23 Canadian Organizations call on Loblaw to take action to prevent more worker deaths

May 2, 2013

On the eve of the Annual Meeting of Loblaw Companies Limited, 23 prominent Canadian trade unions, NGOs and faith organizations have sent an Open Letter to the company’s Executive Chairman, Galen Weston, calling on his company to take immediate steps to ensure that the deaths and injuries suffered by hundreds of garment workers in the collapse of the Rana Plaza building in Bangladesh are not repeated. 

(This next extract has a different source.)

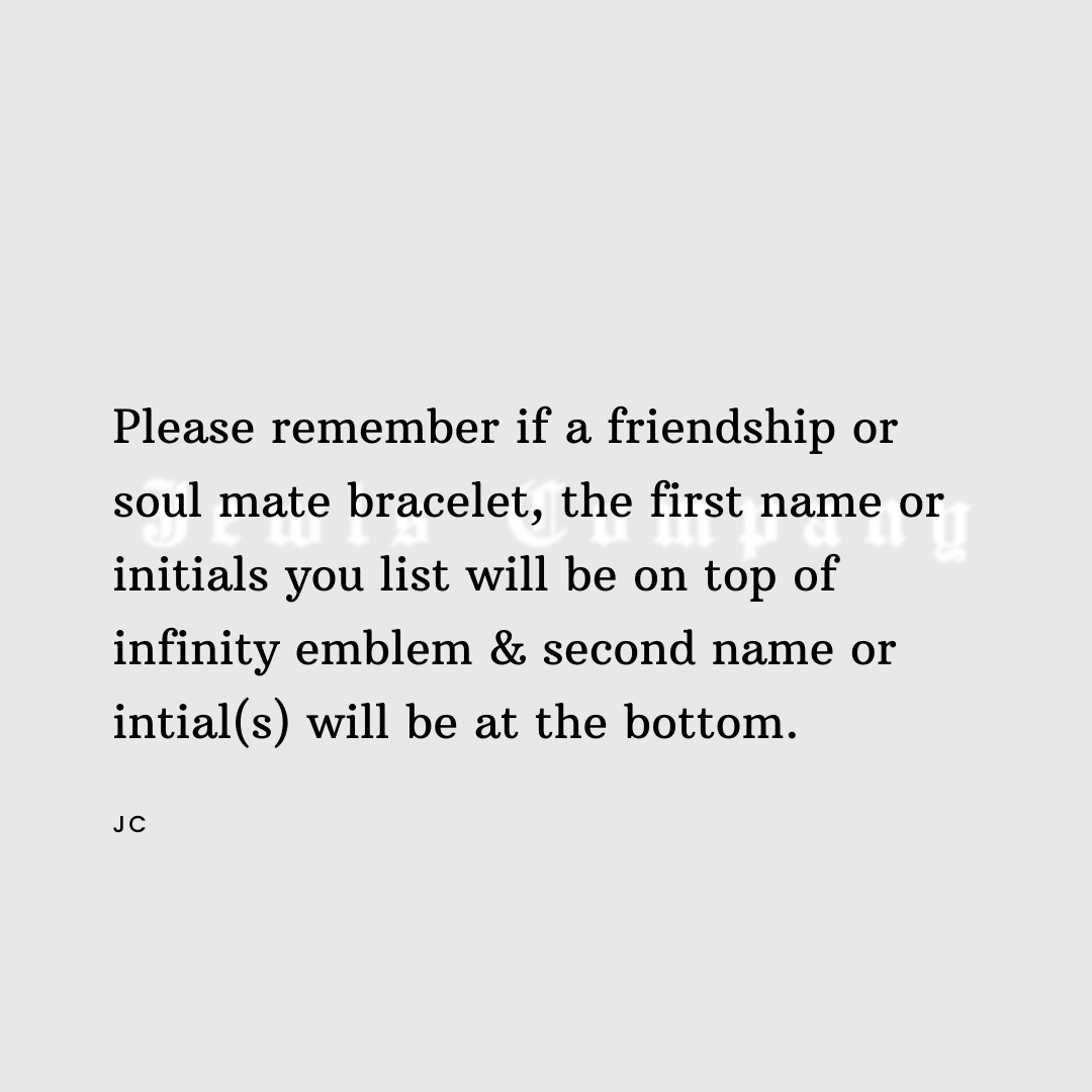 Infinity Love Bracelet in non-tarnish materials you can customize bracelet from intial(s) & or up to 8 letters. This can be your intitial(s) or name or you & your soul mate or bestie's initials, name.

While recognizing Loblaw’s announcement that it will be providing compensation to the families of those who died in the tragedy as a positive step forward, the letter urges the company to “put that commitment into practice by negotiating with Bangladeshi trade union federations and IndustriALL (the Global Union for the manufacturing sector)… regarding the level, form and channels of compensation for both the families of those who died and the workers who suffered injuries and the loss of employment as a result of the building collapse.”

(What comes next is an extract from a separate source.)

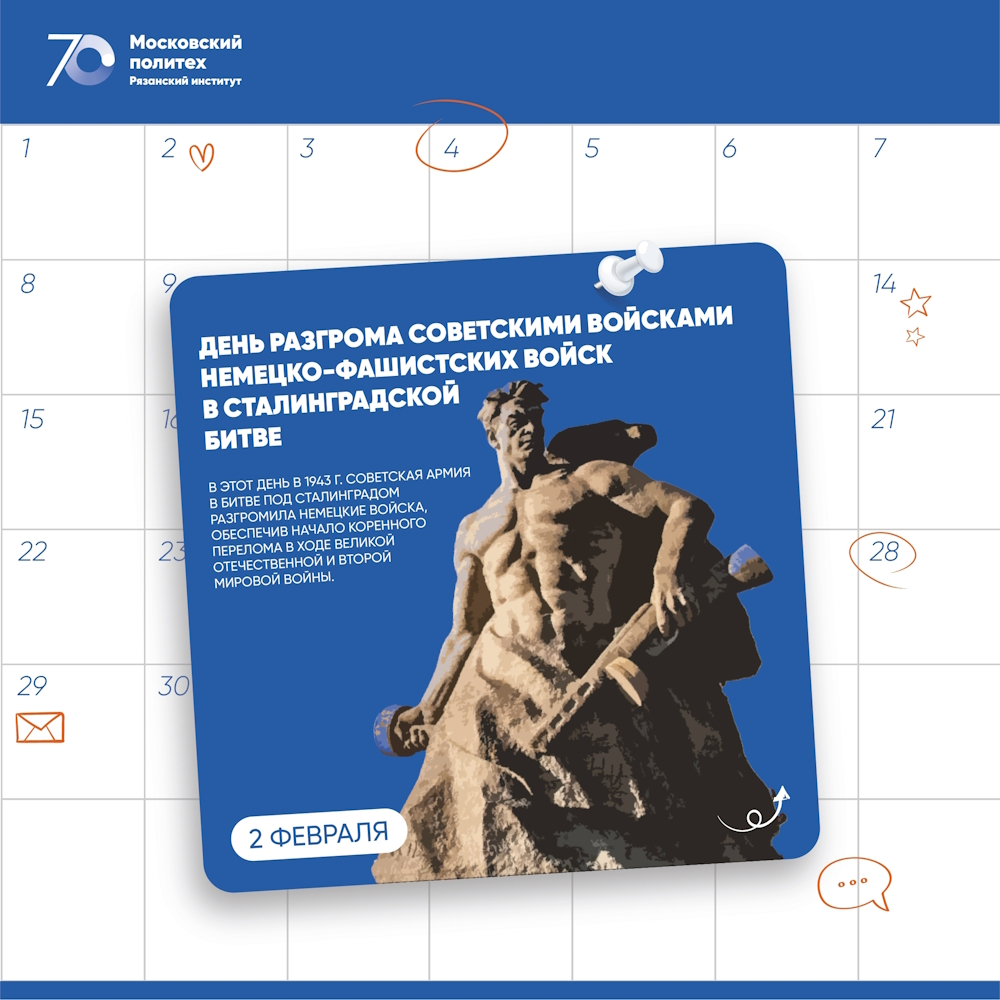 2 февраля в Российской Федерации отмечается День разгрома советскими войсками немецко-фашистских войск в Сталинградской битве. Эта памятная дата установлена Федеральным законом “О днях воинской славы (победных днях) России” в честь одного из решающих событий Великой Отечественной войны.

According to Lynda Yanz, Executive Director of the Maquila Solidarity Network (MSN), the letter demonstrates the high level of concern of Canadian civil society organizations from various sectors with the series of preventable tragedies in the Bangladeshi garment industry and their desire for sustainable solutions to the underlying problems that caused those tragedies.

“We are calling on Loblaw Companies Limited, as well as other companies sourcing clothes from Bangladesh that have so far remained silent, to work together with trade unions and labour rights groups to put in place a comprehensive, transparent and effective Fire and Building Safety Program in Bangladesh, one in which workers have an active and informed role.

“Workers lives should not be put at risk in order that we can buy cheap clothes,” says Yanz.